PROBLEM TO WORK ON
Among the entries below, copy only the span from the line containing "ヘコむあだ名 | 『どらもー』『つくし』『どらっぺ』 |" through the line containing "Semi-enclosed huddle zones". Do so exactly, and skip the pictures.

STORED DATA
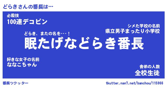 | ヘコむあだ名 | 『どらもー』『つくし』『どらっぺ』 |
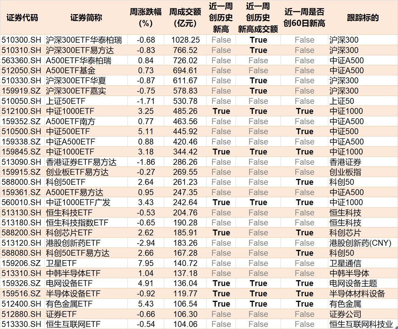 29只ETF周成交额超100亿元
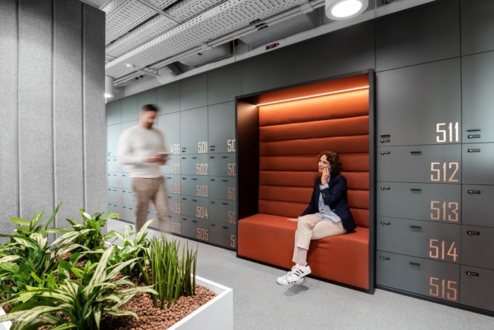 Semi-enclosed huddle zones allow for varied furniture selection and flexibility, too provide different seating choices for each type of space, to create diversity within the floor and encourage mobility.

...

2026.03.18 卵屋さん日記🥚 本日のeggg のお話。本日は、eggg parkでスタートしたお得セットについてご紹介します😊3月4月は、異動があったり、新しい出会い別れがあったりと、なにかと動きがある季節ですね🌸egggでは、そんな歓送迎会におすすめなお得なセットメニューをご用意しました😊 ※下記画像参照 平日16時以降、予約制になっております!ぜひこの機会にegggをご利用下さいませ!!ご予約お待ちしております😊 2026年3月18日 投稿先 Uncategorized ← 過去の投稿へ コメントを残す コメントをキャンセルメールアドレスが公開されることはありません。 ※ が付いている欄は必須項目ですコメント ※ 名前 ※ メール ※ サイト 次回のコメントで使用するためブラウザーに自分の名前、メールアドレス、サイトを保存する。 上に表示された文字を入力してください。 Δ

ANSWER SPACE
 | ヘコむあだ名 | 『どらもー』『つくし』『どらっぺ』 |
 29只ETF周成交额超100亿元
 Semi-enclosed huddle zones allow for varied furniture selection and flexibility, too provide different seating choices for each type of space, to create diversity within the floor and encourage mobility.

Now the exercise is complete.